WORKING DATA:
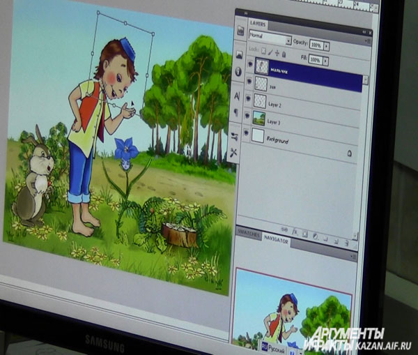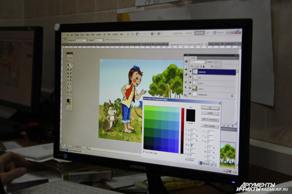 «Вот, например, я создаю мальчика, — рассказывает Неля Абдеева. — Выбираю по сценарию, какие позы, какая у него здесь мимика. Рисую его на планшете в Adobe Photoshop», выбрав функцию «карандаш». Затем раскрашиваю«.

==

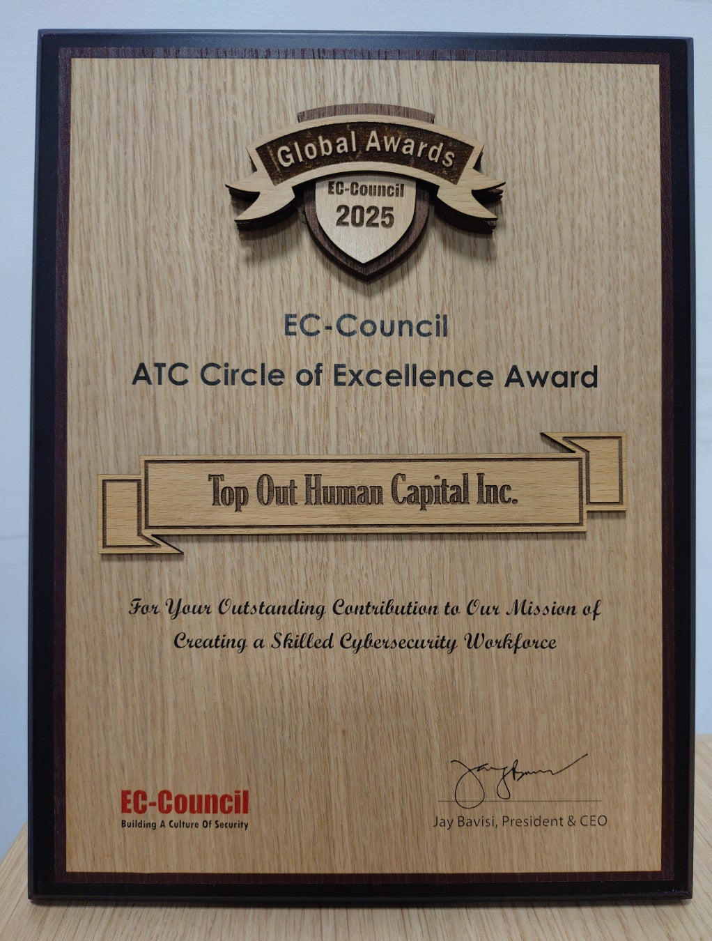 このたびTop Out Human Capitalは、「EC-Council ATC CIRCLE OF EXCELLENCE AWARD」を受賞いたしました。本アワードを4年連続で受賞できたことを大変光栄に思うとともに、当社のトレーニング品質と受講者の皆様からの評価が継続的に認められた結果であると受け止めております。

* * *

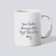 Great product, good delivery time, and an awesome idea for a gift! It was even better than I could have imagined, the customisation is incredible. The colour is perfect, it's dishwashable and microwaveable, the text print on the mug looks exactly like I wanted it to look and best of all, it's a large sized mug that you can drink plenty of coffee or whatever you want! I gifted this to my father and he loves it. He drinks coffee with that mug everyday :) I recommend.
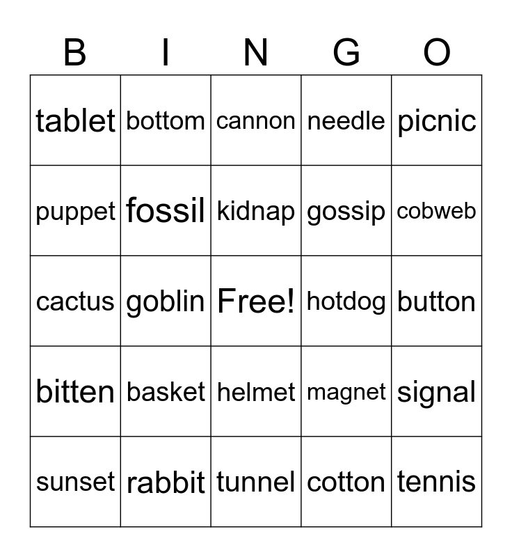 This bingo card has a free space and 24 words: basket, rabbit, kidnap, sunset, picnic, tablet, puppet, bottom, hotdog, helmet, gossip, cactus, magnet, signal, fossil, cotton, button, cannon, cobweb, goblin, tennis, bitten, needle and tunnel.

REQUIRED WORK: Among the records above, locate the line containing "Great product, good" and the line containing "This bingo card", then transcribe exactly the lines starting at the first and ending at the second, with no pictures.

RESULT FOR THIS EXERCISE:
 Great product, good delivery time, and an awesome idea for a gift! It was even better than I could have imagined, the customisation is incredible. The colour is perfect, it's dishwashable and microwaveable, the text print on the mug looks exactly like I wanted it to look and best of all, it's a large sized mug that you can drink plenty of coffee or whatever you want! I gifted this to my father and he loves it. He drinks coffee with that mug everyday :) I recommend.
 This bingo card has a free space and 24 words: basket, rabbit, kidnap, sunset, picnic, tablet, puppet, bottom, hotdog, helmet, gossip, cactus, magnet, signal, fossil, cotton, button, cannon, cobweb, goblin, tennis, bitten, needle and tunnel.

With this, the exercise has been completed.